Provided material >>
=== Begin Enclosure ===

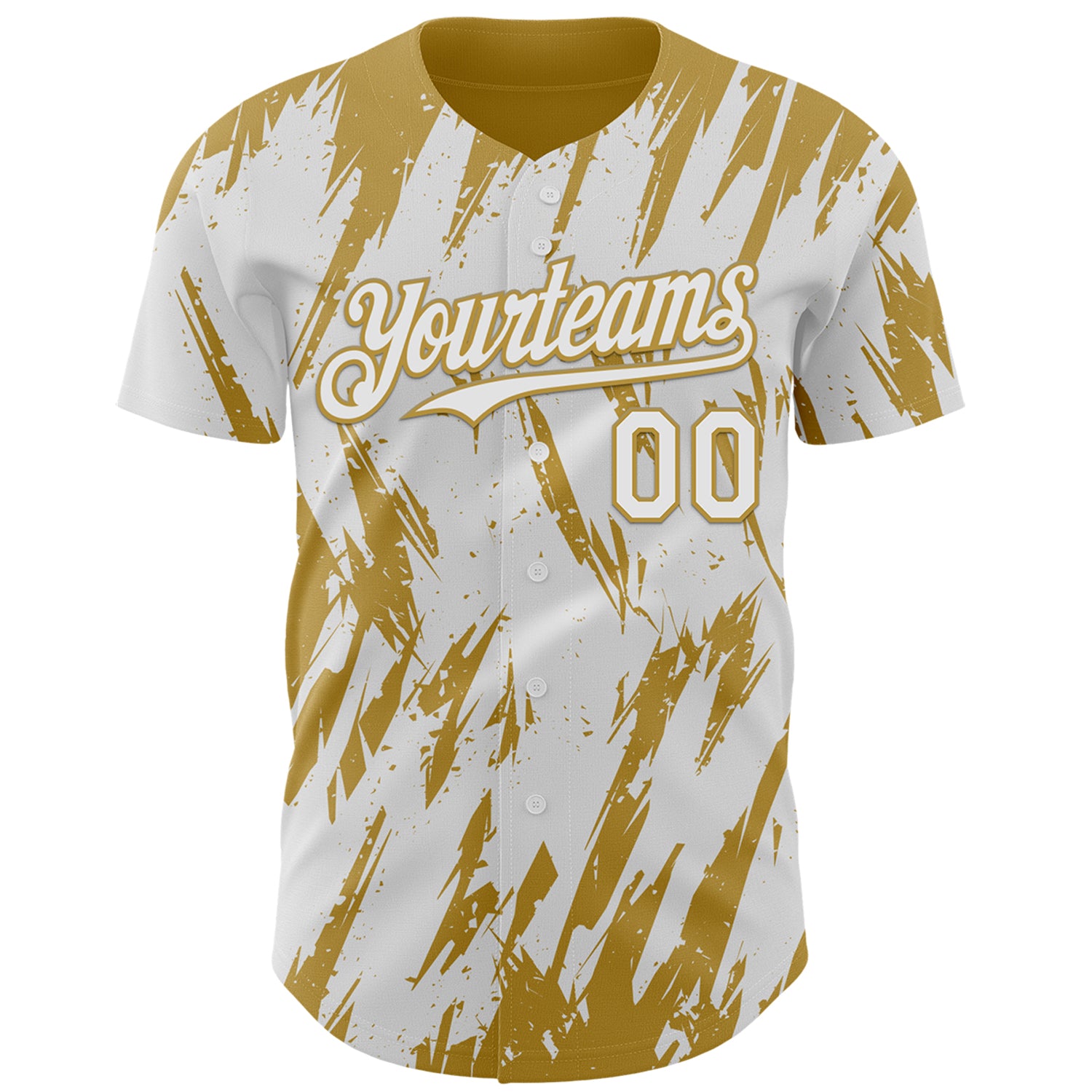 Custom White Old Gold 3D Pattern Design Splatter Torn Sharp Brush Stroke Authentic Baseball Jersey
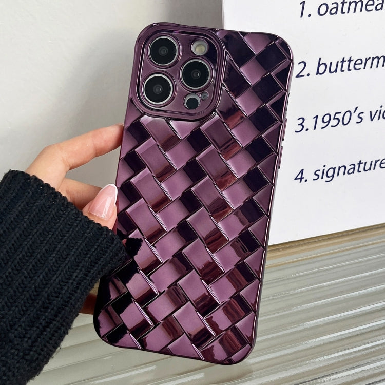 Caja del Teléfono para iPhone 13 Pro Woven Grid 3D Galvanoplastia Grabado Láser (Púrpura)
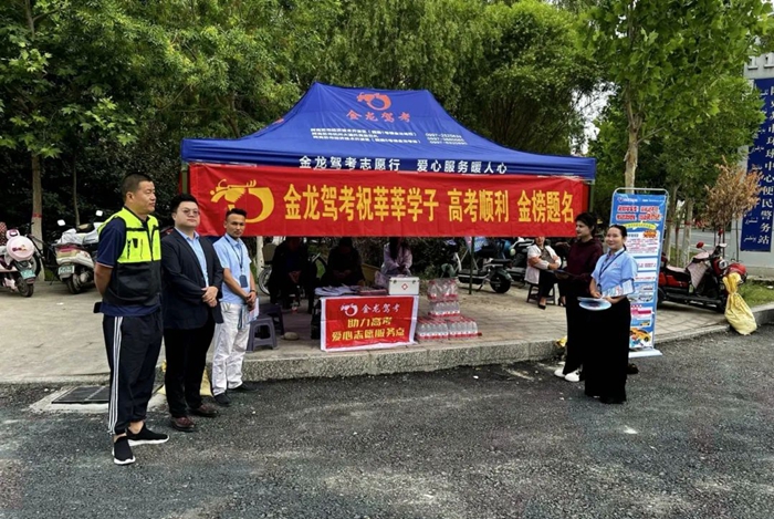 阿克苏地区金龙汽车驾驶员培训有限责任公司在考点为广大学生及家长提供休息区域及应急药品、矿泉水等服务,并现场为高考学生们免费提供心理咨询辅导缓解压力。

=== End Enclosure ===

Problem to solve >> What's needed is a word-for-word retyping of the listing, minus its pictures.

Response to this task >>
 Custom White Old Gold 3D Pattern Design Splatter Torn Sharp Brush Stroke Authentic Baseball Jersey
 Caja del Teléfono para iPhone 13 Pro Woven Grid 3D Galvanoplastia Grabado Láser (Púrpura)
 阿克苏地区金龙汽车驾驶员培训有限责任公司在考点为广大学生及家长提供休息区域及应急药品、矿泉水等服务,并现场为高考学生们免费提供心理咨询辅导缓解压力。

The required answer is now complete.